**Information shown**
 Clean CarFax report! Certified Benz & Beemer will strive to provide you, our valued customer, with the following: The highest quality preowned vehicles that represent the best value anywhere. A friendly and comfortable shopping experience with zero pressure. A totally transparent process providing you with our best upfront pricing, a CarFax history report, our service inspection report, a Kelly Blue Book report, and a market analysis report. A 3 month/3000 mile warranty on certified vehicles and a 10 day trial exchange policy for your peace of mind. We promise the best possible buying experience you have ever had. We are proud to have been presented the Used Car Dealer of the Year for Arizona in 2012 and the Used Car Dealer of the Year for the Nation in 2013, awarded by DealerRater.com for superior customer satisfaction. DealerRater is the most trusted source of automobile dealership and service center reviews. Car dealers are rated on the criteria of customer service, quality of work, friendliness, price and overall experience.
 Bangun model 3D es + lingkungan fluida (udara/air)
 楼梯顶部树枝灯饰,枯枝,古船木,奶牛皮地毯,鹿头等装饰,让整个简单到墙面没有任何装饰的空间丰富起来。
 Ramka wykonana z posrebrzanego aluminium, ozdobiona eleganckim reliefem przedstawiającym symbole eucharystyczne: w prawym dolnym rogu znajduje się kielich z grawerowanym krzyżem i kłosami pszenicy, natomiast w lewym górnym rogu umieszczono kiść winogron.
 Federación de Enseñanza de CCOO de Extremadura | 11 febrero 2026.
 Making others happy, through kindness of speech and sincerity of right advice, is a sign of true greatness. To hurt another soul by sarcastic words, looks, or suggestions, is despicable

* * *

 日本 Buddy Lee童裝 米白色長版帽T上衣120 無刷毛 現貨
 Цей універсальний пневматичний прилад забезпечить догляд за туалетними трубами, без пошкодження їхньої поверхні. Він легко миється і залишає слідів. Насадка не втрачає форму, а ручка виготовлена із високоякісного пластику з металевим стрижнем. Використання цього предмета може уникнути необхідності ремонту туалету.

**Exercise goal**
Print the lines above from the one with "Bangun model 3D" through the one with "Federación de Enseñanza", both included, exactly as written and nothing more.

**Solution to this problem**
 Bangun model 3D es + lingkungan fluida (udara/air)
 楼梯顶部树枝灯饰,枯枝,古船木,奶牛皮地毯,鹿头等装饰,让整个简单到墙面没有任何装饰的空间丰富起来。
 Ramka wykonana z posrebrzanego aluminium, ozdobiona eleganckim reliefem przedstawiającym symbole eucharystyczne: w prawym dolnym rogu znajduje się kielich z grawerowanym krzyżem i kłosami pszenicy, natomiast w lewym górnym rogu umieszczono kiść winogron.
 Federación de Enseñanza de CCOO de Extremadura | 11 febrero 2026.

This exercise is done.